Quant au sol de l'île, Paul le trouve en grande
partie fort propice à la culture.
Henri y a découvert des arbres fruitiers, dont
il espère pouvoir tirer grand profit.
François y a remarqué surtout les belles étendues forestières, riches en bois de
toutes sortes: ce sera un jeu d'abattre des arbres et de construire des abris pour la petite colonie.
Quant à Thomas, le prospecteur, ce qui l'a
intéressé, c'est la partie la plus rocheuse de l'île. ll y a noté plusieurs signes indiquant un sous-sol richement minéralisé. Malgré l'absence d'outils perfectionnés, Thomas se croit assez
d'initiative et de débrouillardise pour transformer le minerai en métaux utiles.
Chacun va donc pouvoir se livrer à ses
occupations favorites pour le bien de tous. Tous sont unanimes à louer la Providence du dénouement relativement heureux d'une grande tragédie.
3. Les véritables richesses
Et voilà nos hommes à
l'ouvrage.
Les maisons et des meubles sortent du travail du
charpentier.
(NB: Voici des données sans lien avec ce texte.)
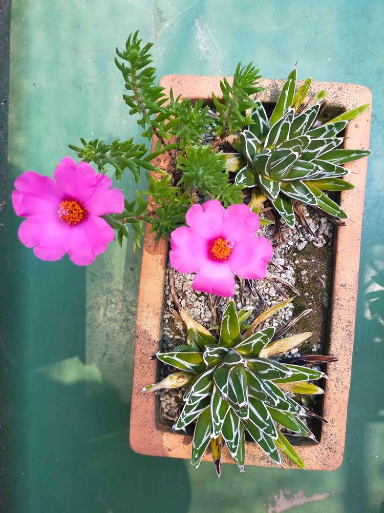アガベ【笹の雪】の鉢におじゃましたマツバボタン😍
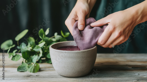 natural, dye, plant, organic, colours, extraction, hand, fabric, bowl, leaf, environmentally friendly, sustainable, process, textile, craft, artistry, creativity, nature, environment, green, pigment, traditional, homemade, bricolage, workshop, rustic, hand-made, earth, method, botanical, greenery, mixture, artisanal, clothes, purple, liquid, solution, wooden, table, ceramic, eco, dyeing, living, conscious
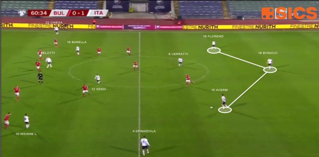 Davanti ai tre difensori viene a costituirsi una coppia di play che hanno il compito di aiutare l’uscita palla da dietro e di veicolare i flussi di gioco sfruttando le linee di passaggio che gli Azzurri costruiscono in fase offensiva. In questo senso il 4-3-3 di partenza si sviluppava in un 3-2/4-1 con una delle mezzali (Pessina, Barella e Pellegrini) che andava a giocare in zona di rifinitura a supporto dell’esterno sinistro (Insigne ed El Shaarawy) e dietro la prima punta.
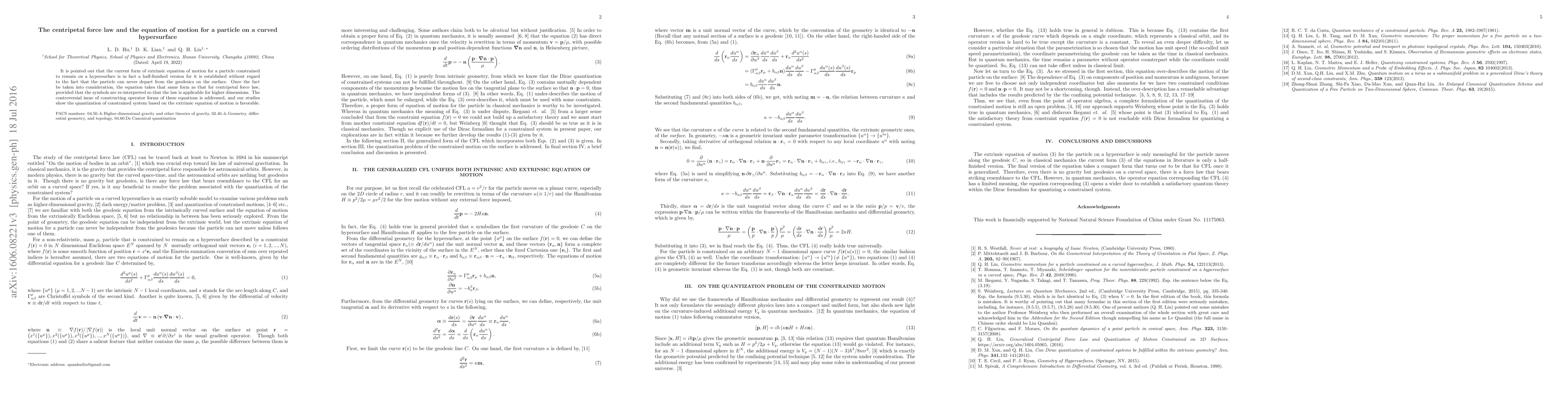 It is pointed out that the current form of extrinsic equation of motion for a particle constrained to remain on a hypersurface is in fact a half-finished version for it is established without regard to the fact that the particle can never depart from the geodesics on the surface. Once the fact be taken into consideration, the equation takes that same form as that for centripetal force law, provided that the symbols are re-interpreted so that the law is applicable for higher dimensions. The controversial issue of constructing operator forms of these equations is addressed, and our studies show the quantization of constrained system based on the extrinsic equation of motion is favorable.
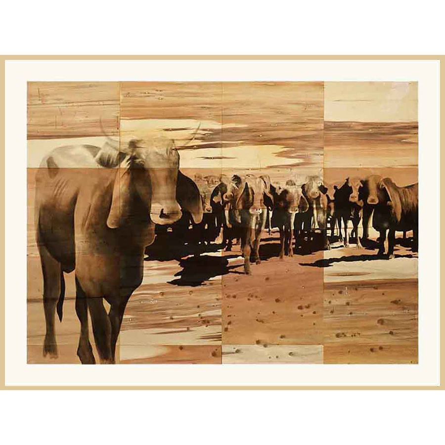 In an exhibition of new work titled The Gulf, Kurtjar artist Ian Waldron, showcases his oeuvre developed over many years of practice. About the show, Ian comments: Every work that I have ever painted is anchored in The Gulf one way or another. My art is the visual representation of my identity - I am my country. As a title, The Gulf is my homeland, but also an ambiguous reference to a chasm between two worlds. A collection of acrylic painting, print and sculpture/installation, this show portrays themes and motifs characteristic of Ian’s past work, such as portraits of rural life, symbols of heritage & ancestry and evidence of his early career, painting signage for supermarkets. The artist states, “Recurring motifs in my works comprise characters, sites and memories which are important to me, such as Bloodwood totem and native life on Delta Downs Station up in the Gulf of Carpentaria”.
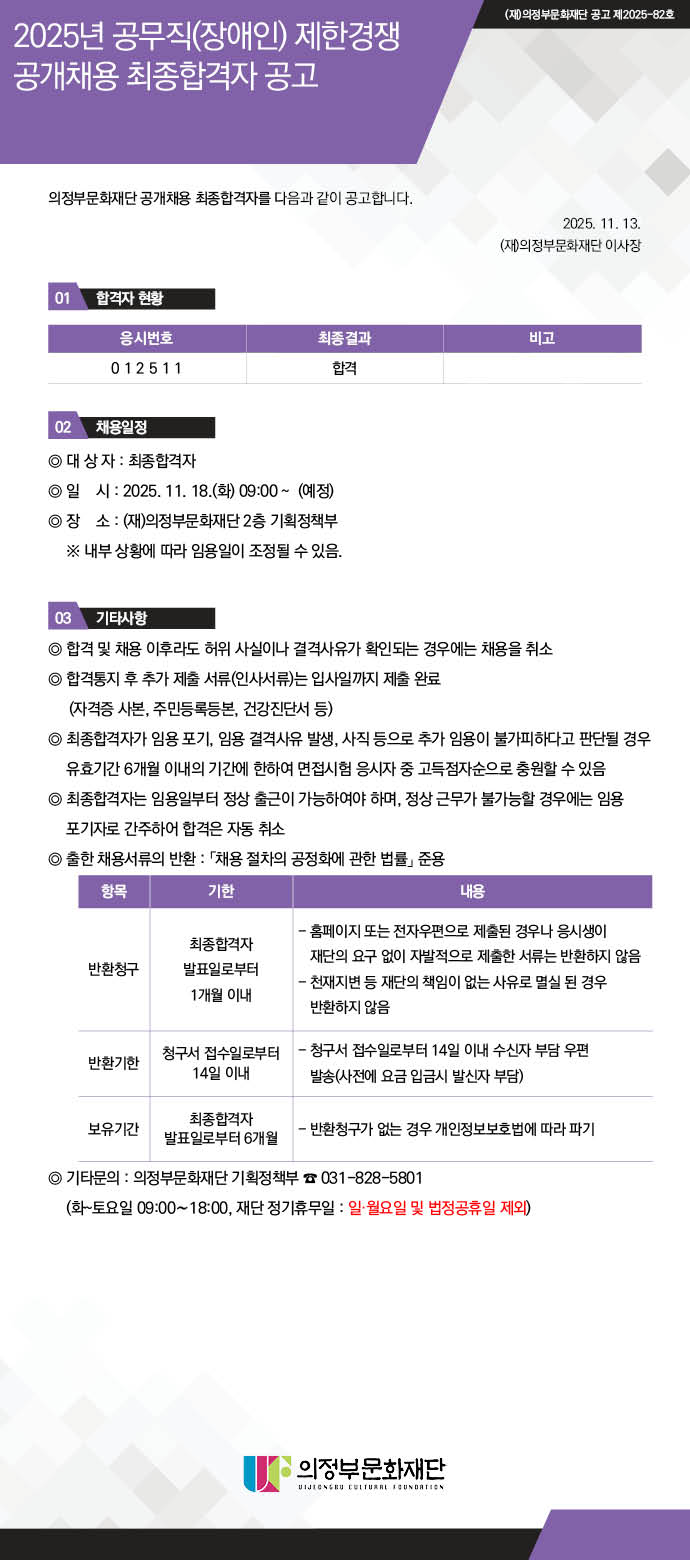 2025³â °ø¹«Á÷(Àå¾ÖÀÎ) Á¦ÇѰæÀï °ø°³Ã¤¿ë ÃÖÁ¾ÇÕ°ÝÀÚ °ø°í

Les premiers temps, on s'est contenté de nourriture primitive. Mais bientôt les champs produisent et le laboureur a des récoltes.
A mesure que les saisons succèdent aux saisons,
le patrimoine de l'Ile s'enrichit. Il s'enrichit, non pas d'or ou de papier gravé, mais des véritables richesses: des choses qui nourrissent, qui habillent, qui logent, qui répondent à des
besoins.
La vie n'est pas toujours aussi douce qu'ils
souhaiteraient. Il leur manque bien des choses auxquelles ils étaient habitués dans la civilisation. Mais leur sort pourrait être beaucoup plus triste.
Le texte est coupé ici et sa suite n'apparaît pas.